▶ Available data

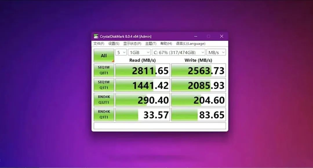 明明廠家宣傳的讀寫速度是接近7500兆每秒,但我們通過Crystal Disk Mark磁盤檢測工具檢測硬盤的順序和隨機讀寫速度,發現其實並沒有那麼高。
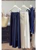 Pantalones anchos y finos de cintura alta de algodón y lino blancos para mujer, novedad de verano 2025, pantalones rectos de seda helada con drapeado relajante.
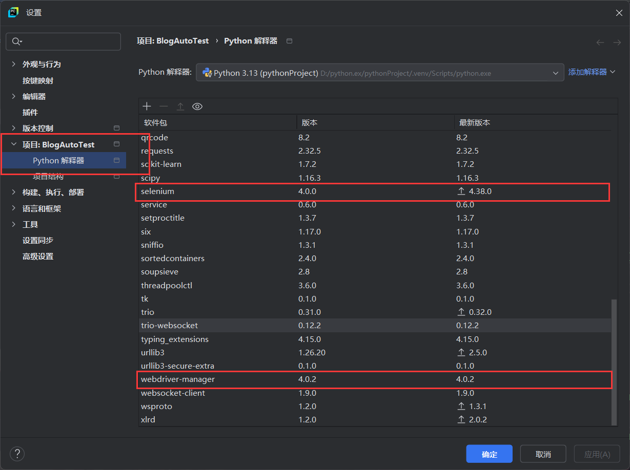 安装好两个库之后,我们可以在设置里的项目的解释器中查看是否安装成功:
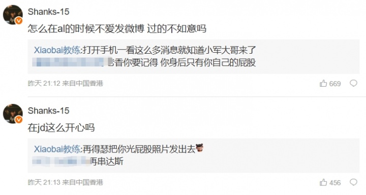 直播吧12月15日讯 前al教练,现jd教练小白发文记录生活,Shanks评论区出没,整活三连问:“怎么在al的时候不爱发微博?过的不如意吗?在jd这么开心吗?”

▶ Task
Copy every line of the data word for word, omitting the images.

▶ Solution to the problem
 明明廠家宣傳的讀寫速度是接近7500兆每秒,但我們通過Crystal Disk Mark磁盤檢測工具檢測硬盤的順序和隨機讀寫速度,發現其實並沒有那麼高。
 Pantalones anchos y finos de cintura alta de algodón y lino blancos para mujer, novedad de verano 2025, pantalones rectos de seda helada con drapeado relajante.
 安装好两个库之后,我们可以在设置里的项目的解释器中查看是否安装成功:
 直播吧12月15日讯 前al教练,现jd教练小白发文记录生活,Shanks评论区出没,整活三连问:“怎么在al的时候不爱发微博?过的不如意吗?在jd这么开心吗?”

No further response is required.